- [DIRECTIONS] Only the lines from the start of the data through the line containing "در کمپلکسهای فلزی)." should be written out, exactly as they are, with both ends included and the pictures left out.

- [MATERIAL PROVIDED]

--- START ---

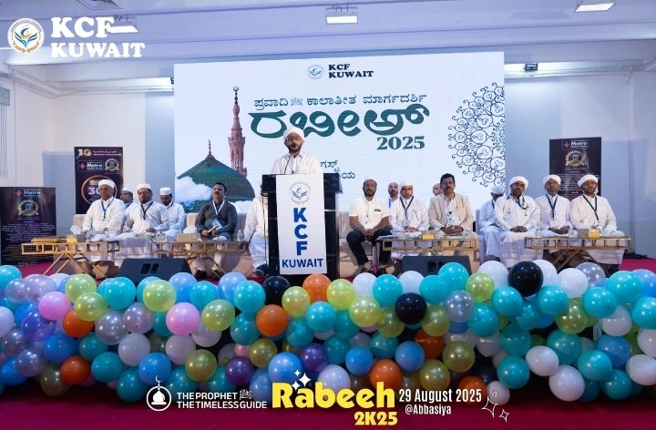 ಪ್ರವಾದಿ (ﷺ) ಕಾಲಾತೀತ ಮಾರ್ಗದರ್ಶಿ ಎಂಬ ಘೋಷ ವಾಕ್ಯದೊಂದಿಗೆ ಗ್ರ್ಯಾಂಡ್ ಮೀಲಾದ್ ಕಾನ್ಫರೆನ್ಸ್ ದಿನಾಂಕ ಅಗೋಷ್ಟ್ 29 ಶುಕ್ರವಾರ 5:00pm ಸರಿಯಾಗಿ ಅಬ್ಬಾಸಿಯ Aspire ಸ್ಕೂಲ್ ನಲ್ಲಿ ಕೆಸಿಎಫ್ ಕುವೈಟ್ ರಾಷ್ಟ್ರೀಯ ಸಂಘಟನಾ ವಿಭಾಗದ ಅಧ್ಯಕ್ಷರಾದ ಬಹು ಬಾದಾಷ ಸಖಾಫಿ ಹಾಗೂ ಕೆಸಿಎಫ್ ಕುವೈಟ್ ರಾಷ್ಟ್ರೀಯ ಶಿಕ್ಷಣ ವಿಭಾಗದ ಅಧ್ಯಕ್ಷರಾದ ಸಾಹುಲ್ ಹಮೀದ್ ಸಅದಿ ಝುಹ್ರಿ ಹಾಗೂ ಆಡಳಿತ ವಿಭಾಗದ ಅಧ್ಯಕ್ಷರಾದ ಉಮರುಲ್ ಫಾರೂಕ್ ಸಖಾಫಿ ಮತ್ತು ಕೆಸಿಎಫ್ ಕುವೈಟ್ ಉಲಮಾ, ಉಮರಾ ನಾಯಕರ ಉಪಸ್ಥಿತಿಯಲ್ಲಿ ಮೌಲೂದ್ ಪರಾಯಣದೊಂದಿಗೆ ಆರಂಭವಾಯಿತು.
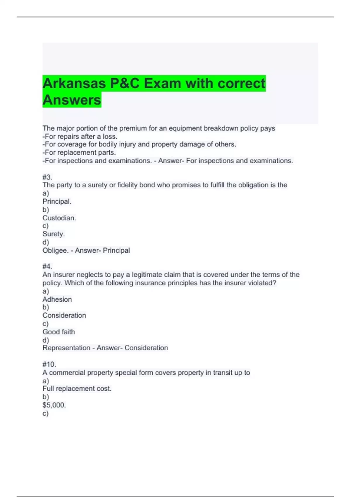 Arkansas P&C Exam with correct Answers
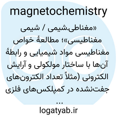 «مغناطیـشیمی / شیمی مغناطیسی»؛ مطالعهٔ خواص مغناطیسی مواد شیمیایی و رابطهٔ آنها با ساختار مولکولی و آرایش الکترونی (مثلاً تعداد الکترونهای جفتنشده در کمپلکسهای فلزی).
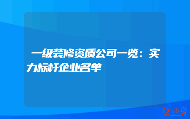 - 一级装修资质公司一览:实力标杆企业名单一、引言在我国建筑装饰行业,一级装修资质是衡量企业综合实力的重要标准之一。获得一级装修资质的企业,代表着其在设计、施工、管理等方面的实力达到了行业顶尖水平。以下是一级装修资质公司的一览,我们将其称为实力
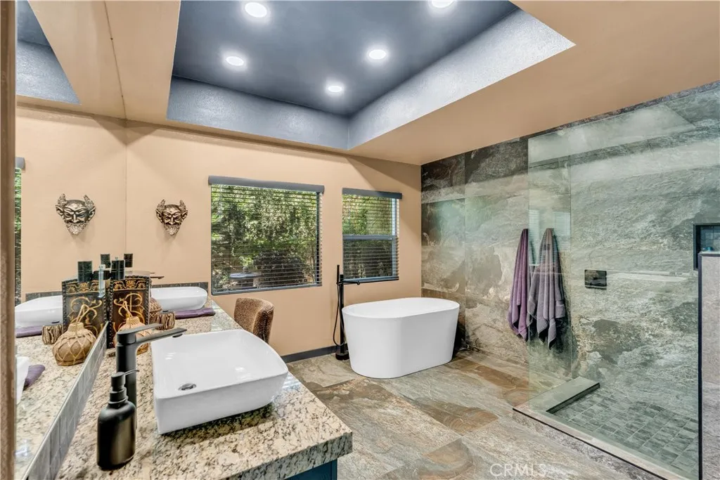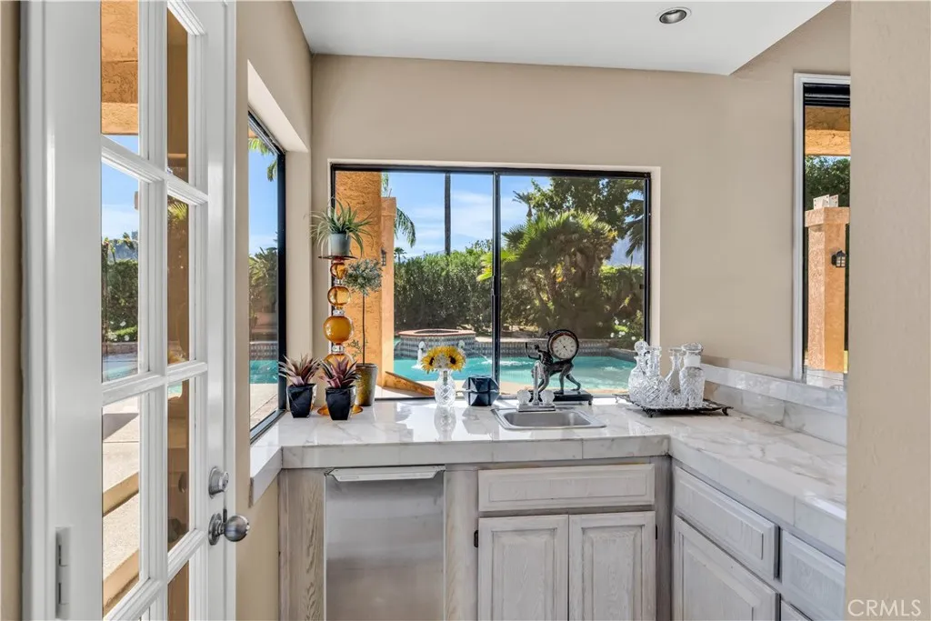 Experience refined desert living in this Contemporary Mediterranean retreat, offering 3,668 sq. ft. of elegant interiors on an expansive -acre lot in the heart of Rancho Mirage. A sweeping circular driveway sets a grand first impression, leading to a private front courtyard complete with a tranquil fountain. Inside, a sophisticated blend of materials elevates every space; marble flooring graces the entry, living and dining areas, while rich hardwood adds warmth to the kitchen, kitchen nook and family rooms. The home features three large bedrooms, each designed as master suites, providing luxurious comfort and privacy. The spacious living and family rooms each showcase their own fireplaces, creating inviting spaces to relax and entertain. A separate wet bar with a wine cooler enhances the homes effortless flow for gatherings. Modern upgrades include two newer AC units and SolarEdge solar panels$50K fully paid offfor year-round efficiency and peace of mind. A full security system adds an extra layer of comfort. Outdoors, the backyard is an entertainers dream, offering a separate patio area, a beautiful in-ground pool, and a relaxing hot tubboth perfect for enjoying the desert lifestyle. This residence also enjoys a prime location near Cotino, the new Disney Storyliving community, with no HOA, no land lease, and just a quick five-minute drive to the Westin Golf Resort & Spaadding even more convenience and value to this exceptional Rancho Mirage opportunity.
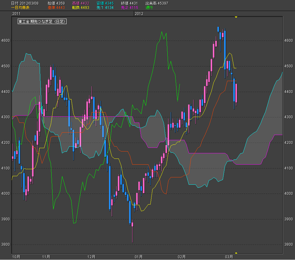 下記チャートは東京金日足の一目均衡表である。前日の急落から一転して本日(8日)値を切り返してきたが、果たして再度の上昇の始まりなのか?あるいは戻り高値の格好の売り場となるのか?その見極めは終値ベースで一目均衡の転換線をクリアーできるかが分岐点ではないか?
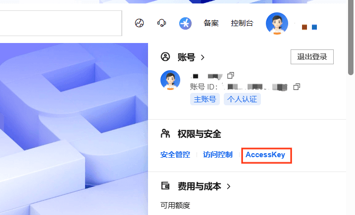 将鼠标光标移动到阿里云网站页面的右上角个人头像处,可以看到有个AccessKey的按钮,点击。
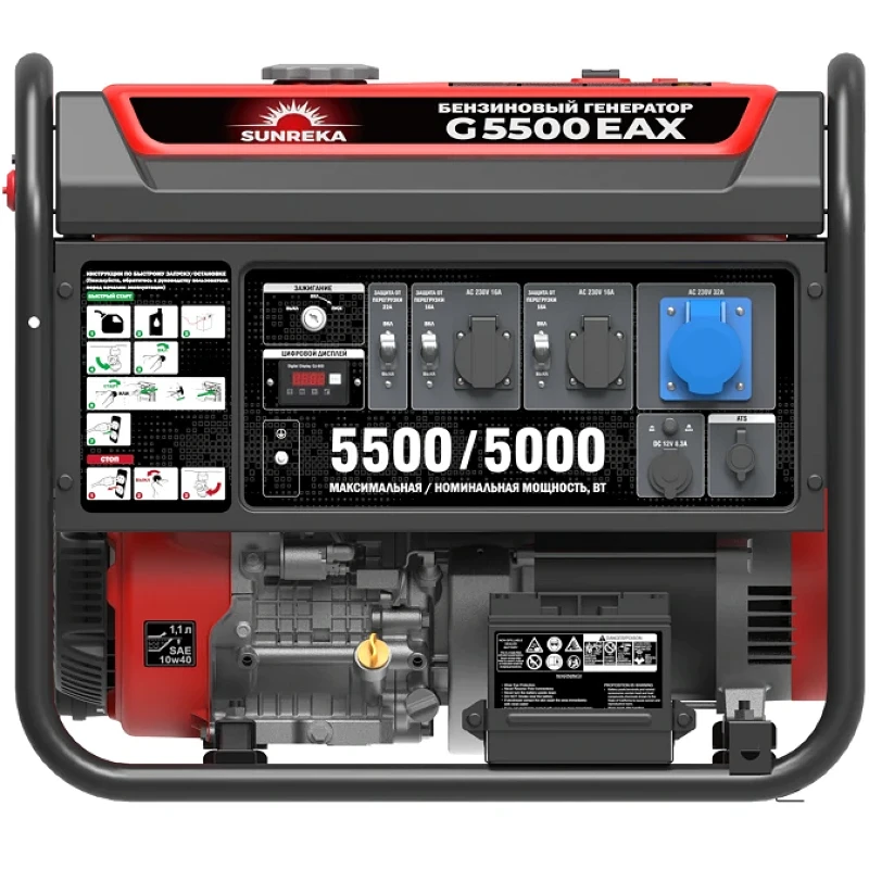 Комплексная система защиты предохраняет генератор SUNREKA G5500EAX от перегрузки и короткого замыкания, а двигатель от поломки из-за низкого уровня масла.
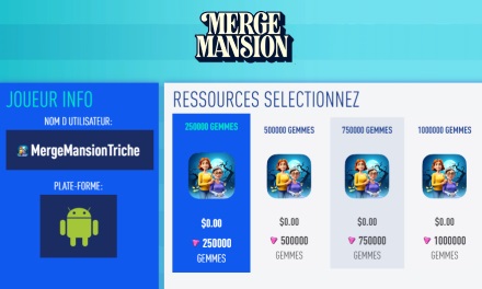 Vous êtes un joueur de Merge Mansion ? Vous cherchez un outil de Merge Mansion triche ? Certains des joueurs célèbres sur Merge Mansion ont beaucoup de Gemmes et Pieces. Ils peuvent acheter tout ce qu’ils veulent avec ces Gemmes et Pieces, mais pour un nouveau joueur ou un autre joueur qui n’a pas assez de Gemmes et Pieces, c’est vraiment triste. Les Gemmes et Pieces en Merge Mansion sont importantes. Si vous voulez être un joueur célèbre, vous devez avoir un personnage unique et un monde unique. Mais comment être un joueur célèbre si on n’a pas de Gemmes et Pieces ? Maintenant vous entrez dans le bon site pour obtenir beaucoup de Merge Mansion Gemmes et Pieces INSTANTANÉMENT !

--- END ---

- [TASK OUTPUT]
 ಪ್ರವಾದಿ (ﷺ) ಕಾಲಾತೀತ ಮಾರ್ಗದರ್ಶಿ ಎಂಬ ಘೋಷ ವಾಕ್ಯದೊಂದಿಗೆ ಗ್ರ್ಯಾಂಡ್ ಮೀಲಾದ್ ಕಾನ್ಫರೆನ್ಸ್ ದಿನಾಂಕ ಅಗೋಷ್ಟ್ 29 ಶುಕ್ರವಾರ 5:00pm ಸರಿಯಾಗಿ ಅಬ್ಬಾಸಿಯ Aspire ಸ್ಕೂಲ್ ನಲ್ಲಿ ಕೆಸಿಎಫ್ ಕುವೈಟ್ ರಾಷ್ಟ್ರೀಯ ಸಂಘಟನಾ ವಿಭಾಗದ ಅಧ್ಯಕ್ಷರಾದ ಬಹು ಬಾದಾಷ ಸಖಾಫಿ ಹಾಗೂ ಕೆಸಿಎಫ್ ಕುವೈಟ್ ರಾಷ್ಟ್ರೀಯ ಶಿಕ್ಷಣ ವಿಭಾಗದ ಅಧ್ಯಕ್ಷರಾದ ಸಾಹುಲ್ ಹಮೀದ್ ಸಅದಿ ಝುಹ್ರಿ ಹಾಗೂ ಆಡಳಿತ ವಿಭಾಗದ ಅಧ್ಯಕ್ಷರಾದ ಉಮರುಲ್ ಫಾರೂಕ್ ಸಖಾಫಿ ಮತ್ತು ಕೆಸಿಎಫ್ ಕುವೈಟ್ ಉಲಮಾ, ಉಮರಾ ನಾಯಕರ ಉಪಸ್ಥಿತಿಯಲ್ಲಿ ಮೌಲೂದ್ ಪರಾಯಣದೊಂದಿಗೆ ಆರಂಭವಾಯಿತು.
 Arkansas P&C Exam with correct Answers
 «مغناطیـشیمی / شیمی مغناطیسی»؛ مطالعهٔ خواص مغناطیسی مواد شیمیایی و رابطهٔ آنها با ساختار مولکولی و آرایش الکترونی (مثلاً تعداد الکترونهای جفتنشده در کمپلکسهای فلزی).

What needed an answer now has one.